Lo strichetto bolognese è uno dei piatti più tradizionali della cucina bolognese, anche se poco conosciuti. È un formato di pasta che nasce nelle famiglie contadine per recuperare i ritagli di sfoglia di tortelloni e tortellini. Un piatto di recupero, semplice da preparare, che veniva consumato nelle famiglie più povere, soprattutto da coloro che lavoravano i campi o nelle risaie.

Partendo dal ritaglio di sfoglia classico [formato quadrato di 4-4.5 cm per lato], basta una semplice pressione con pollice ed indice nel centro della sfoglia per dare forma allo strichetto. In seguito, con la spronella (rotella tagliapasta) si frastagliano i lembi.
Condite solitamente con il tradizionale ragù oppure con un altro condimento tipico della cucina bolognese, pancetta, piselli, panna e parmigiano.
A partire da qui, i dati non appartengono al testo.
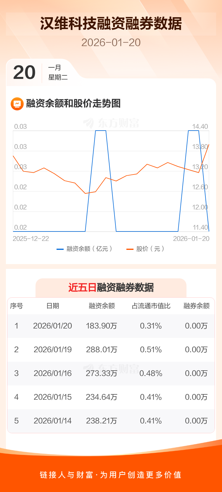 交易所最新数据显示,汉维科技于2026年1月20日获融资买入127.11万元,融资偿还231.23万元,当日融资净偿还104.12万元。目前,该股融资余额183.90万,占流通市值比例为0.31%。

Oggi questa pasta di umili origini è diventata ricetta ufficiale delle specialità tradizionali della cucina bolognese. Infatti, il 10 giugno 2019, l’Accademia della Cucina Italiana, con il supporto della Confraternita dello Strichetto, ha depositato la ricetta presso la Camera di Commercio di Bologna per tramandare i costumi gastronomici e culturali della città.
Un altro riconoscimento è arrivato dal Comune di Bologna, che ha riconosciuto lo strichetto come prodotto De. Co. in quanto prodotto che rientra nella tradizione bologne e valorizza i prodotti agro-alimentari del territorio.